Data segment:
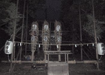 毎年同様なのでしょうけど、午後6時に拝殿内5張の太鼓が少年等によって打ち鳴らされ、境内に轟き渡ります。そして、午後8時ごろ宮司以下神前に参進して祭儀が執り行われます。
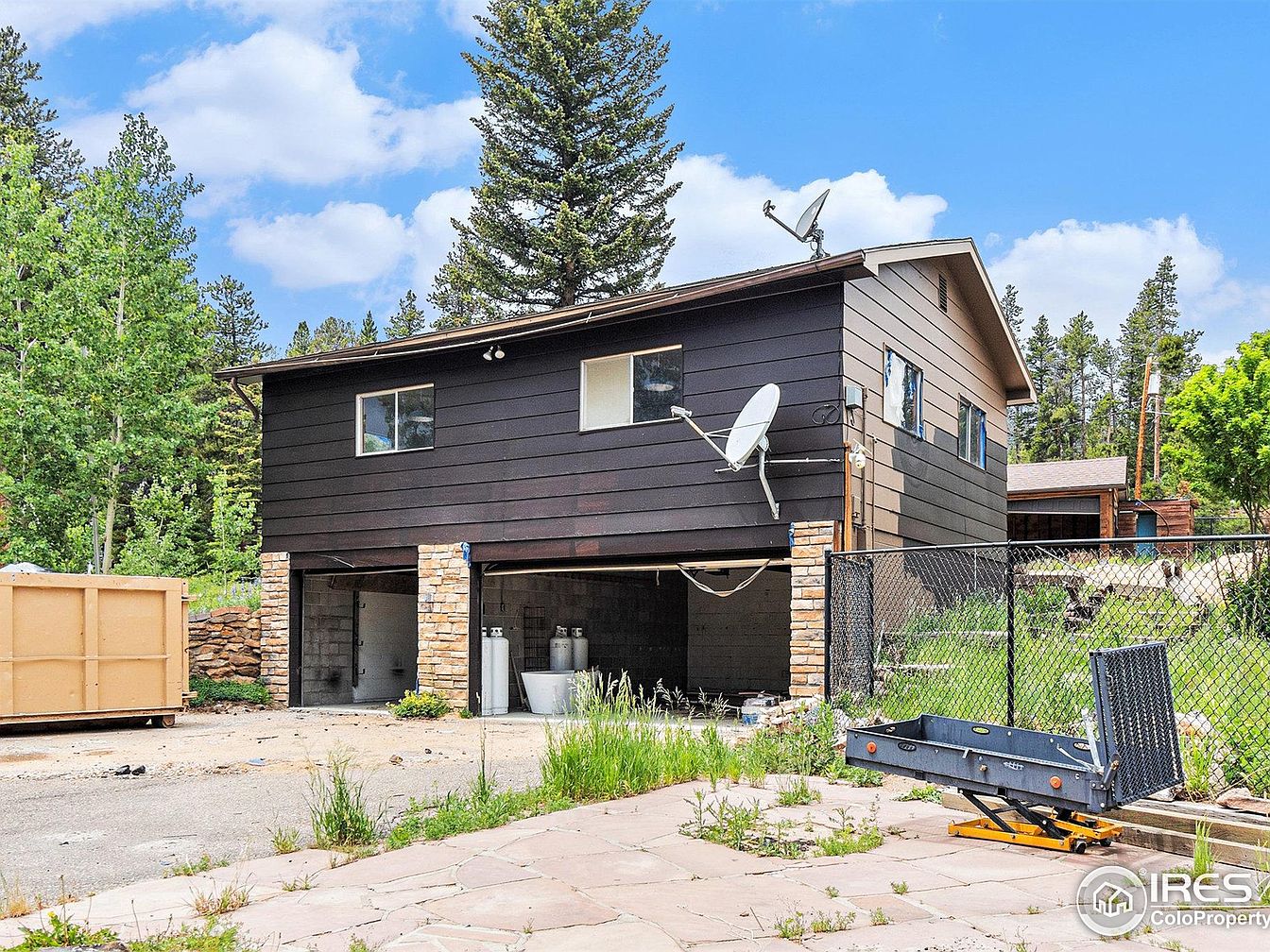 The image shows a rustic two-story house featuring a dark wood facade and stone accents at the base. Large windows punctuate the upper floor, allowing light to filter in, while satellite dishes extend from the exterior. Below, the ground floor is a garage-like space, showcasing equipment like gas tanks. Surrounding the home are patches of natural greenery, with tall pines and shrubs contributing to a serene, outdoor atmosphere. The driveway is gravelly, with a hint of disarray from landscaping, as the area appears partially unkempt. A fenced perimeter indicates boundaries amidst the tranquil scenery.
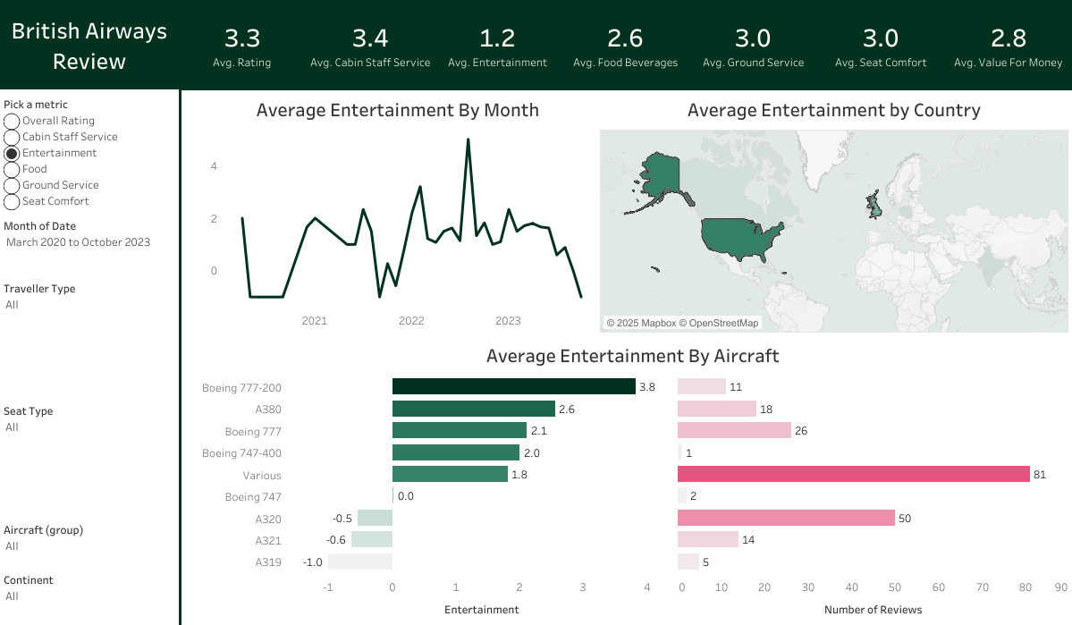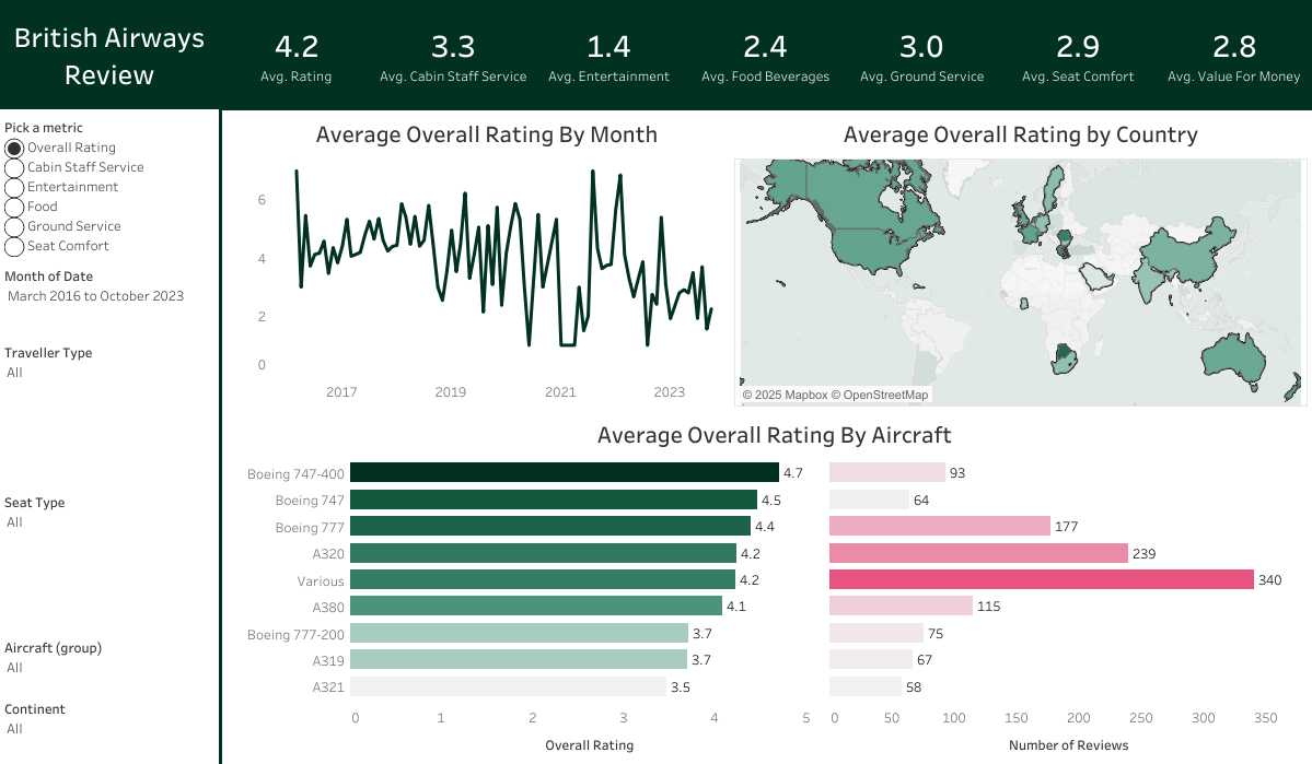 Created an interactive Tableau dashboard analyzing British Airways customer reviews across aircraft type, cabin class, country, and service categories to surface satisfaction drivers and pain points.

Problem to work on: Restate the full listing verbatim and drop every picture.

Exercise answer:
 毎年同様なのでしょうけど、午後6時に拝殿内5張の太鼓が少年等によって打ち鳴らされ、境内に轟き渡ります。そして、午後8時ごろ宮司以下神前に参進して祭儀が執り行われます。
 The image shows a rustic two-story house featuring a dark wood facade and stone accents at the base. Large windows punctuate the upper floor, allowing light to filter in, while satellite dishes extend from the exterior. Below, the ground floor is a garage-like space, showcasing equipment like gas tanks. Surrounding the home are patches of natural greenery, with tall pines and shrubs contributing to a serene, outdoor atmosphere. The driveway is gravelly, with a hint of disarray from landscaping, as the area appears partially unkempt. A fenced perimeter indicates boundaries amidst the tranquil scenery.
 Created an interactive Tableau dashboard analyzing British Airways customer reviews across aircraft type, cabin class, country, and service categories to surface satisfaction drivers and pain points.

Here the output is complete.